Requirement: I would like the lines below, from the one with "Cebeci 14 Ayar" through the one with "6月の強い日差しの下、5年生", copied exactly and without any pictures.

Working data:
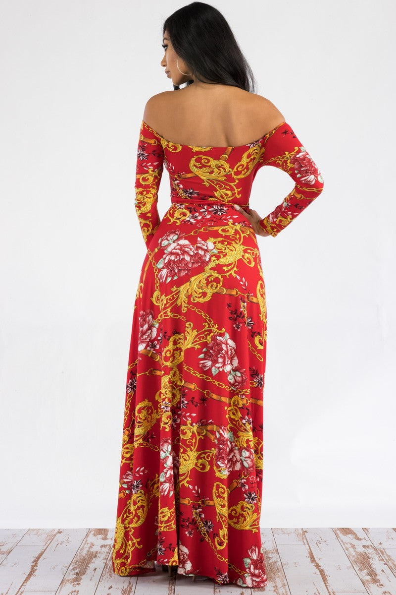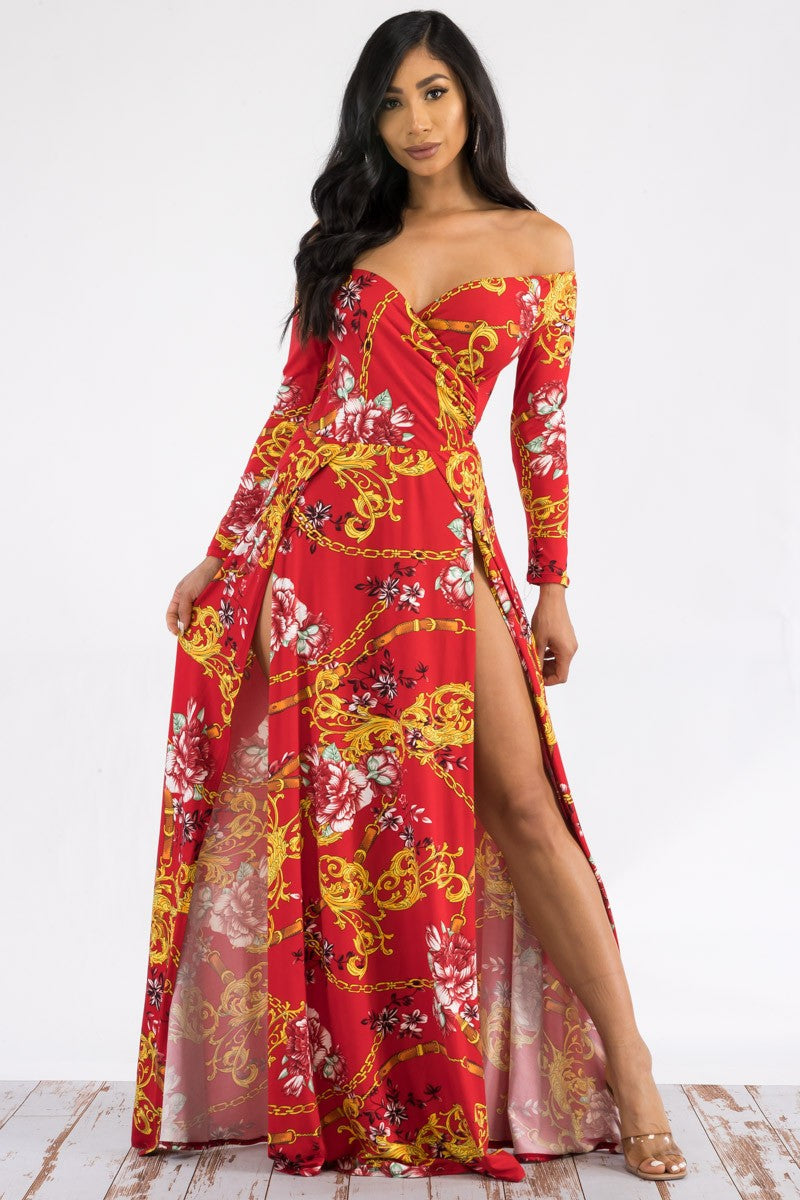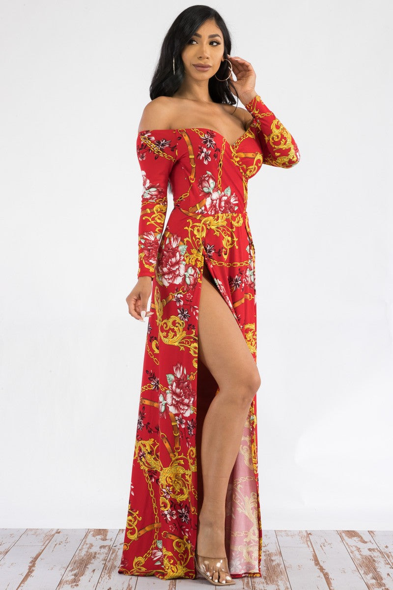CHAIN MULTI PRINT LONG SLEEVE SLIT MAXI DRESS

...

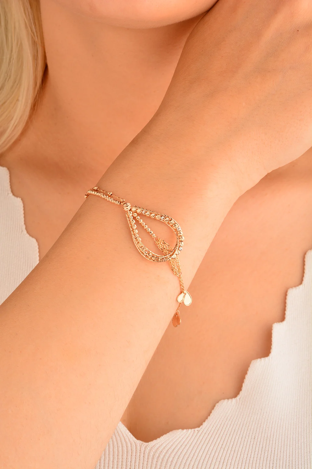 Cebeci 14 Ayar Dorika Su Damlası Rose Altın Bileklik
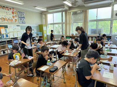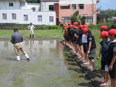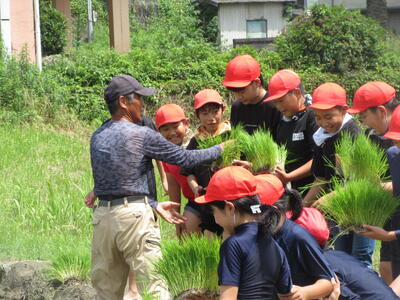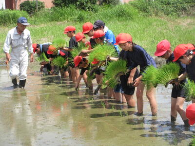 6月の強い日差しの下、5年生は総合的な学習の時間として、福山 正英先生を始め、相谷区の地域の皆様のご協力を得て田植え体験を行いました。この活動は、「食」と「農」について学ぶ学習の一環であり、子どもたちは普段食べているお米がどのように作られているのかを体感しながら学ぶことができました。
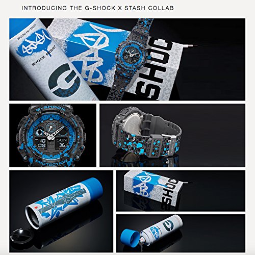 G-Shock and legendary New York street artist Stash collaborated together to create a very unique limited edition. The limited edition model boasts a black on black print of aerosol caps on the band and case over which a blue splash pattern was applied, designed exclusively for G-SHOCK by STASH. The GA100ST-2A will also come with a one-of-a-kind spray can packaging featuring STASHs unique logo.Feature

---

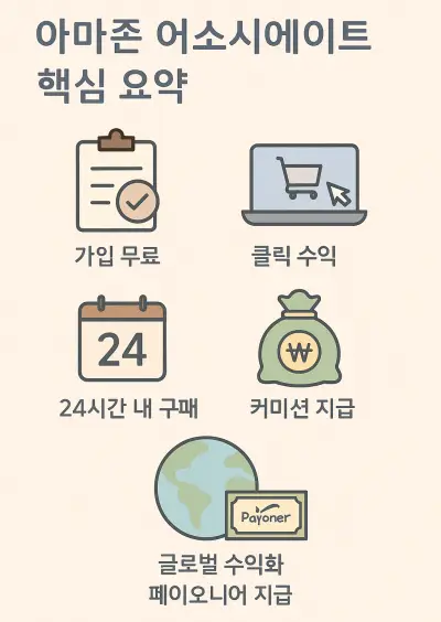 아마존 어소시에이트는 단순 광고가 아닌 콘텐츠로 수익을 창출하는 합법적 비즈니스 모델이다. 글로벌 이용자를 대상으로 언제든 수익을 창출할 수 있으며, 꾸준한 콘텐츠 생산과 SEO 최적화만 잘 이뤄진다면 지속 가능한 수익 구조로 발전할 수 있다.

Response to the task:
 Cebeci 14 Ayar Dorika Su Damlası Rose Altın Bileklik
 6月の強い日差しの下、5年生は総合的な学習の時間として、福山 正英先生を始め、相谷区の地域の皆様のご協力を得て田植え体験を行いました。この活動は、「食」と「農」について学ぶ学習の一環であり、子どもたちは普段食べているお米がどのように作られているのかを体感しながら学ぶことができました。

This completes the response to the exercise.